# [TASK INPUT]
========================================

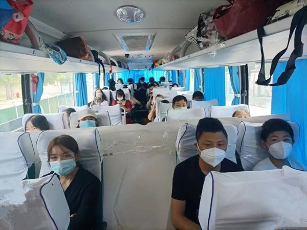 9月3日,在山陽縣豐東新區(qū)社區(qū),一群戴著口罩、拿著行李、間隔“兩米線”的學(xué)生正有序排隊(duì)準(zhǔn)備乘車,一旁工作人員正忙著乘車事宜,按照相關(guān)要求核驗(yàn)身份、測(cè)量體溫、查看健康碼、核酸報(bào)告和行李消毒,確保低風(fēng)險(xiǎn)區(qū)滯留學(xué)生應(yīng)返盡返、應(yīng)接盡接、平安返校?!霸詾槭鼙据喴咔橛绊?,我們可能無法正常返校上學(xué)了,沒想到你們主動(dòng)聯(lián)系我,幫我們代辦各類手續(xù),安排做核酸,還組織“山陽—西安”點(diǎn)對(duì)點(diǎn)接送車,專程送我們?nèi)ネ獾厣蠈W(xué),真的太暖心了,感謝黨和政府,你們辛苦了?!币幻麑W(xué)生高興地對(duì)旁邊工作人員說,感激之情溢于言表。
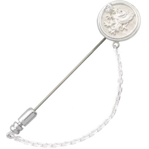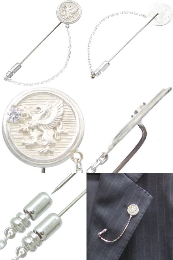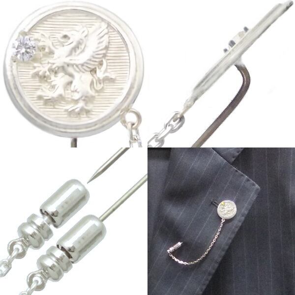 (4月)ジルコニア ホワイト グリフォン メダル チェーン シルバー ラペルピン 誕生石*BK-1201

========================================

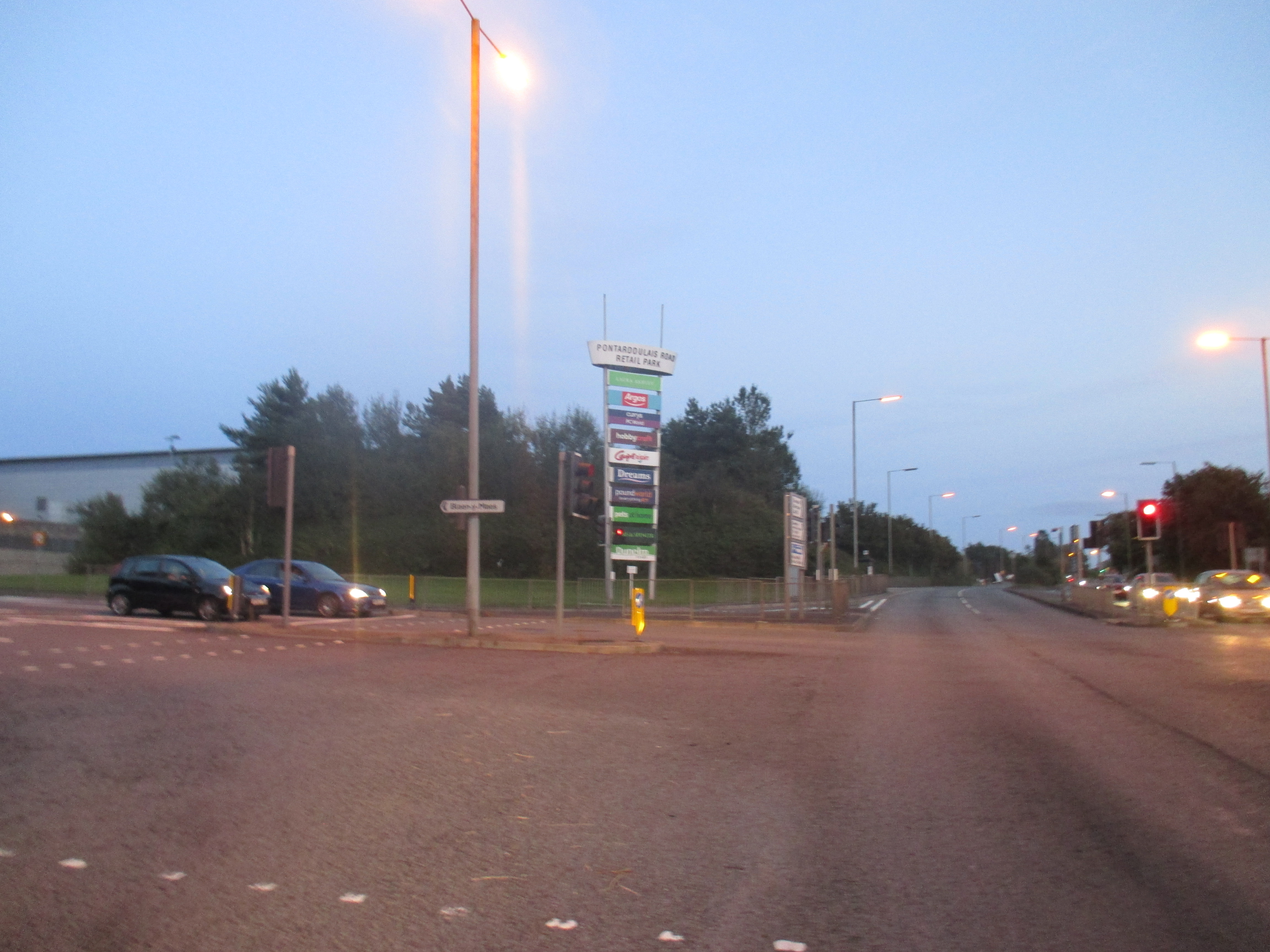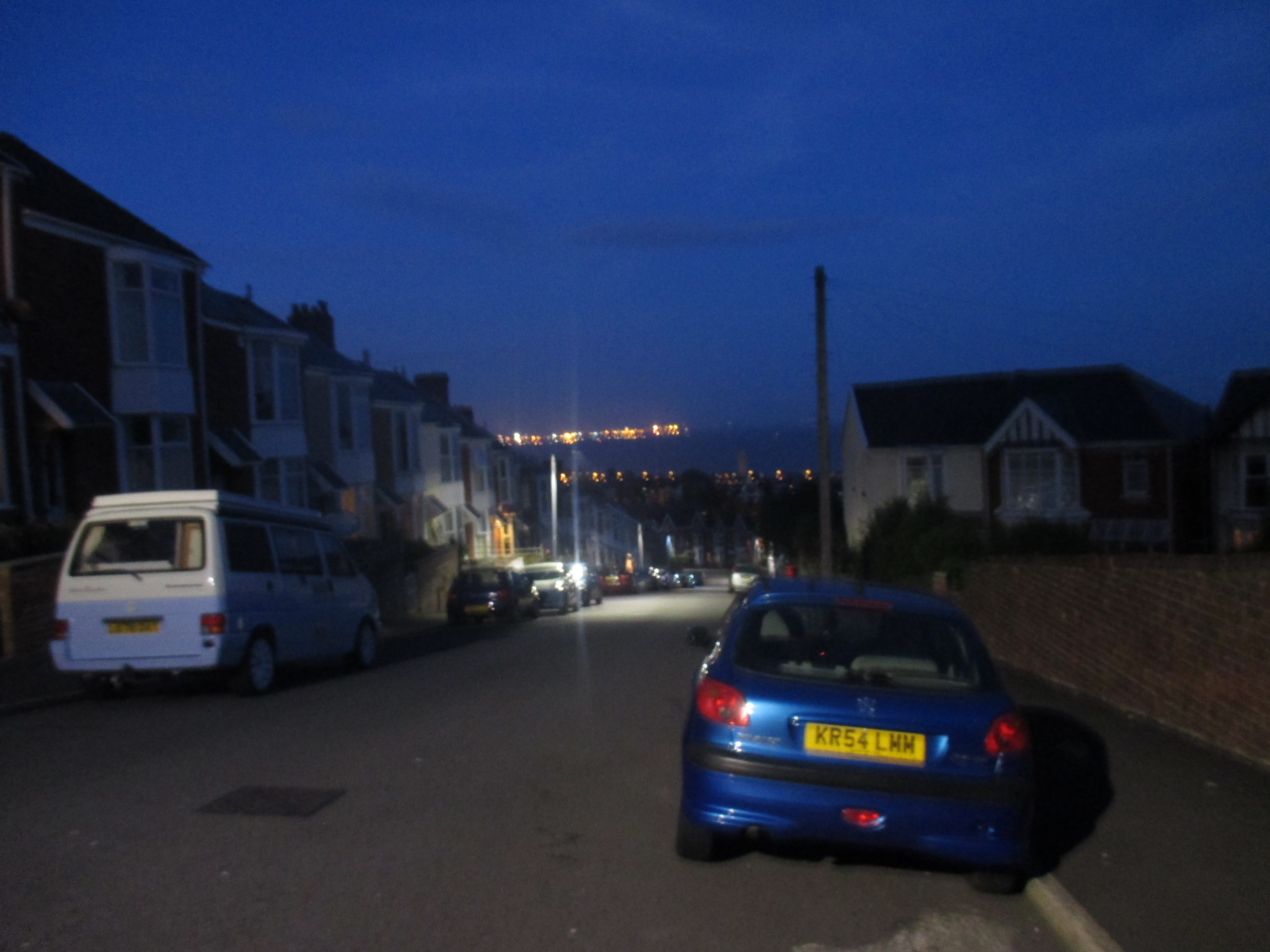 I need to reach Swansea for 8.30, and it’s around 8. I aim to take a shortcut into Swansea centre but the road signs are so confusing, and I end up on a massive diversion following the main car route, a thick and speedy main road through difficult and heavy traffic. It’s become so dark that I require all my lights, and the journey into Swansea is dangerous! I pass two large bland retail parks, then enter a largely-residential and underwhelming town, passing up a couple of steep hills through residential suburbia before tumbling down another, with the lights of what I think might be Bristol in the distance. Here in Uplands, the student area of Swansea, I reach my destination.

========================================

# [EXERCISE BRIEF]
Among the records above, locate the line containing "9月3日,在山陽縣豐東新區(qū)社區(qū),一群戴著" and the line containing "(4月)ジルコニア ホワイト グリフォン", then transcribe exactly the lines starting at the first and ending at the second, with no pictures.

# [RESPONSE TO THE TASK]
 9月3日,在山陽縣豐東新區(qū)社區(qū),一群戴著口罩、拿著行李、間隔“兩米線”的學(xué)生正有序排隊(duì)準(zhǔn)備乘車,一旁工作人員正忙著乘車事宜,按照相關(guān)要求核驗(yàn)身份、測(cè)量體溫、查看健康碼、核酸報(bào)告和行李消毒,確保低風(fēng)險(xiǎn)區(qū)滯留學(xué)生應(yīng)返盡返、應(yīng)接盡接、平安返校?!霸詾槭鼙据喴咔橛绊?,我們可能無法正常返校上學(xué)了,沒想到你們主動(dòng)聯(lián)系我,幫我們代辦各類手續(xù),安排做核酸,還組織“山陽—西安”點(diǎn)對(duì)點(diǎn)接送車,專程送我們?nèi)ネ獾厣蠈W(xué),真的太暖心了,感謝黨和政府,你們辛苦了?!币幻麑W(xué)生高興地對(duì)旁邊工作人員說,感激之情溢于言表。
 (4月)ジルコニア ホワイト グリフォン メダル チェーン シルバー ラペルピン 誕生石*BK-1201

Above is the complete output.